» DATA SUPPLIED
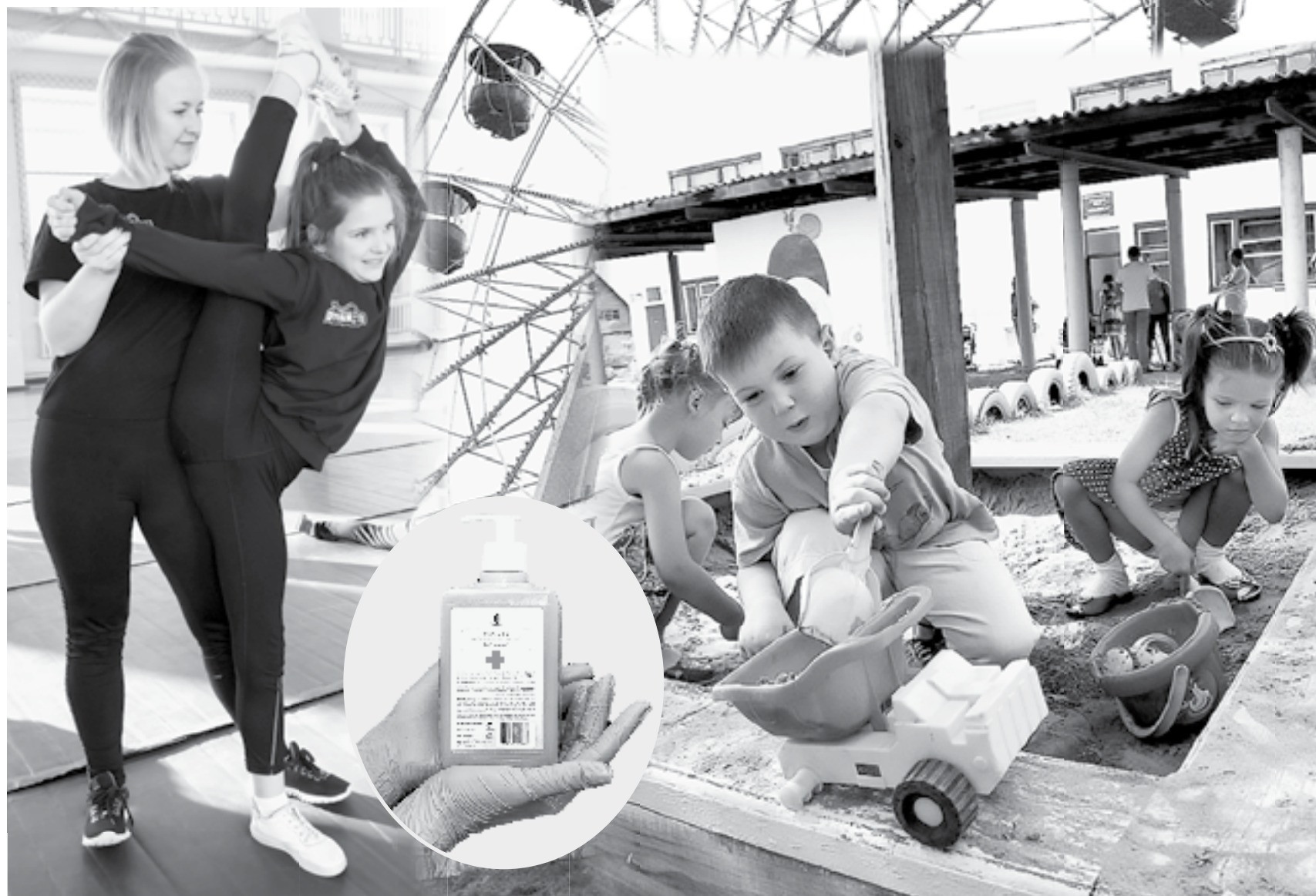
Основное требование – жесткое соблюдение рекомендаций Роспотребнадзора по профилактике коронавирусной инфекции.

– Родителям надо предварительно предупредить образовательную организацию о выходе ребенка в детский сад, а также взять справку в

* * *

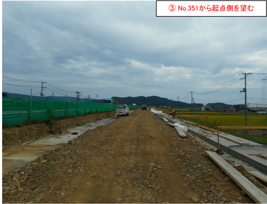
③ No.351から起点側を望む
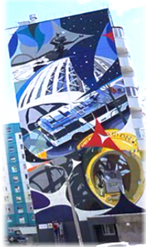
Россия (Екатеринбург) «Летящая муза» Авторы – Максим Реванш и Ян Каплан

...

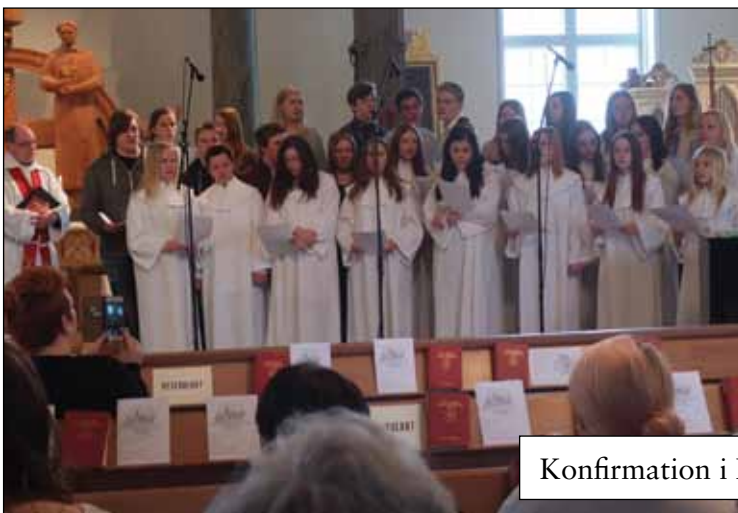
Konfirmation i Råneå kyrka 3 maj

» WORK TO BE COMPLETED
Please make an exact copy of the lines above from the line with "Основное требование –" through the line with "взять справку в", both ends included.

» ANSWER TO THE PROBLEM
Основное требование – жесткое соблюдение рекомендаций Роспотребнадзора по профилактике коронавирусной инфекции.

– Родителям надо предварительно предупредить образовательную организацию о выходе ребенка в детский сад, а также взять справку в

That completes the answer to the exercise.